Well, on the positive side …
I liked the new scoreboards at Clune Arena.
Other than that?
Yikes. There weren’t too many positives to draw from the Air Force men’s basketball team’s 66-63 loss Wednesday night to Brock University, a team from Canada that does not have any scholarship players.
Yes, it was an exhibition. And, yes, Air Force is very young and inexperienced.
But the Falcons didn’t exactly play like it was an exhibition – only nine players were given significant minutes. And they couldn’t claim it was the first time they’d played together because they had the benefit of a five-game trip to Canada in early September and two weeks of practice before that trip.
Here are some other disconcerting observations from the game:
- Brock didn’t have much size – a pair of kids listed at 6-foot-7 who didn't seem that big and didn't seem that athletic – but it still managed to grab as many rebounds as Air Force (29).

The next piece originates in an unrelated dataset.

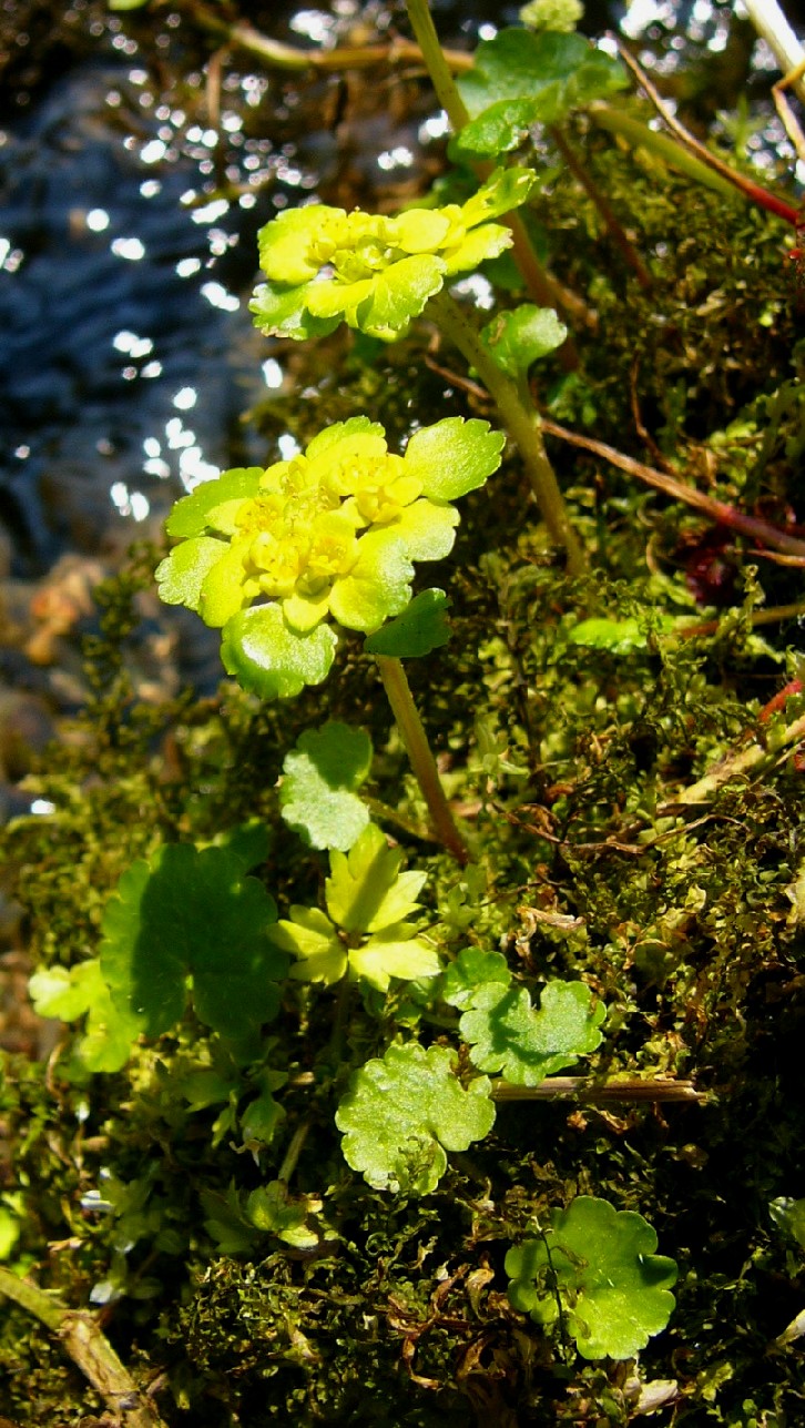 Blüten ohne Kronblätter, mit 4 gelblichen Kelchblättern die von gelblich- grünen Hochblättern umgeben sind > Chrysosplenium (Milzkraut) |

- Even though Air Force knew Brock would shoot a bunch of 3-pointers, the Badgers still were able to make 17 of 31. Was that an unusually good shooting performance by the Badgers? Yes, Brock’s coach admitted as much. But Air Force should have done a better job defending the 3.
- It didn’t take Brock long to figure out how to defense Air Force – run a box-in-one defense to neutralize Tim Anderson. The Falcons will be in big trouble unless Anderson gets some help.
- A general lack of emotion, except for when Andrew Henke yelled at his teammates mid-way through the second half.
All that said, however, maybe Air Force needed something like this to make players work harder and understand the value of playing hard and with intensity every minute of every game. The players from last year’s team understood that. Maybe the guys on this year’s team need to learn it the hard way.
"Just because we lost this game, that’s not predicting the season," Anderson said. "Starting off on this kind of foot just says we need to work on our defense more and learn how to play as a team more.”
Indeed. And all of a sudden, a less-than-attractive out-of-conference schedule looks like the best thing that could happen to the Falcons.